Thank you in advance!


----------



## justphotos

Wow!! I don't think i can really pick a favourite one from there. They all really seem to portray a story in themselves. Very nice work!


----------



## J Crew

Great job!  I defenitely like #'s 2, 5, 10, & 13.  Btw, what program are you using for your borders?  Thanks.

- Jason


----------



## ikidzeroi

Thank you guys! This was my first post! i love this forum. And the program i use is GimpSHOP. Im sure you guys have heard of it. Its totally free you can download it at Download.com


----------



## Chiller

What a great series.   Very well captured. :thumbup: :thumbup:


----------



## Olympus8MP

abandoned places are one of my favorite subjects! I love these shots!!
I like the one about making sure the door is locked!


----------



## digital flower

Welcome to the Forum. Very interesting series there are a couple of powerful pictures.


----------



## Garrentee

mailboxes is a very powerfull image for me!!!

Love it!!!

garrentee


----------



## cigrainger

I really like the colors and feel that these have. Great job capturing the destruction. What setup are you using?


----------



## IonSpeedMaster

you know how to shoot


----------



## GoM

One Flew Over The Cuckoo's Nest....Redux...

Nice series. Very spooky. Wish the similar place nearby me was still open, but alas...


----------



## OmlessWanderer

Everyone likes your shots.  I have to be the first one to be mean and say that #1 just doesn't do it for me.  What am I even looking at?

#2 the sky seems a bit 'hot'  Maybe a different time of day would be better for this shot? Perhaps a polarizer to give some shape to the clouds? Even stopping down the exposure and using a flash to brighten up the building might have worked.

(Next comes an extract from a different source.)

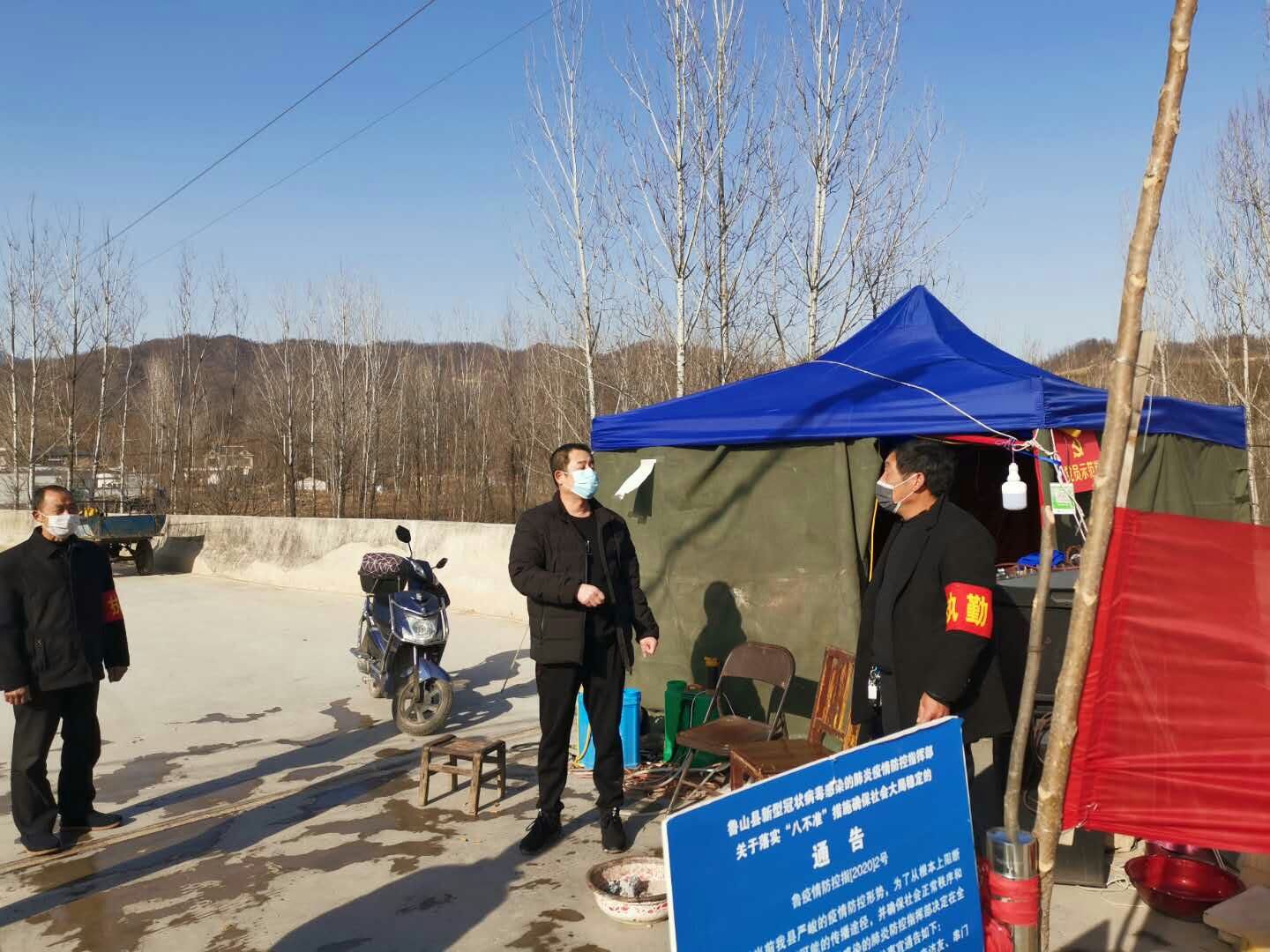 我校驻鲁山县库区乡搬走岭村第一书记杨尧军在省里启动一级响应后,立即带领村“两委”组织干部、小组长、党员,逐户摸排疫情,动态掌握外地返乡人员信息,并先后调整成立5个防控值班卡点,由村“两委”干部带头,动员村民组长、党员、入党积极分子和公益性岗位等参与,全天24小时做好轮流值班值守工作。为做好新冠肺炎疫情防护政策宣传、防护知识介绍,他还组织党员干部利用村里的广播、微信群、手机短信、张贴横幅、发放宣传单等方式,及时发布关于疫情防控的各类动态信息和通知报道,教育引导群众提高防疫认识,掌握防疫方式方法。在各类防疫物资短缺紧张的情况下,杨尧军同志积极联系,多方协调,寻求各种途径,帮助搬走岭村获赠电子体温枪2支、消毒液25公斤、口罩180个和方便面10箱。2月4日,是农历立春之日,为了统筹协调好防疫和春耕之间的矛盾,杨尧军在做好疫情防护的同时,组织带领村“两委”党员干部加强对出村春耕人员的管理,防止私自外出,实行登记测量体温制度,切实做到防疫春耕两手抓、两不误。

The last one is great! Is that the natural light or did you use any editing to get those colors?  It's gorgeous.


----------



## Rosaaa

Can anyone tell me the address of this place?


----------



## dakkon76

I like the "Make sure door is locked" sign... but we can't tell if the door is open or closed. That sign on an open door in a place like that could be a pretty powerful image. That looks like a pretty fun place to shoot!


----------



## Jethro

Creepy place, I would never go to such a place alone..I'm a funk  Last one is my favourite.


----------



## Redbaron

Great work mate, especially the indoor ones, and sunset - abandoned buildings are awesome places, especially if there's a story behind them. If it's nearby for you have a look at different times of the day/night - could make for an interesting series.
Keep up the good work!


----------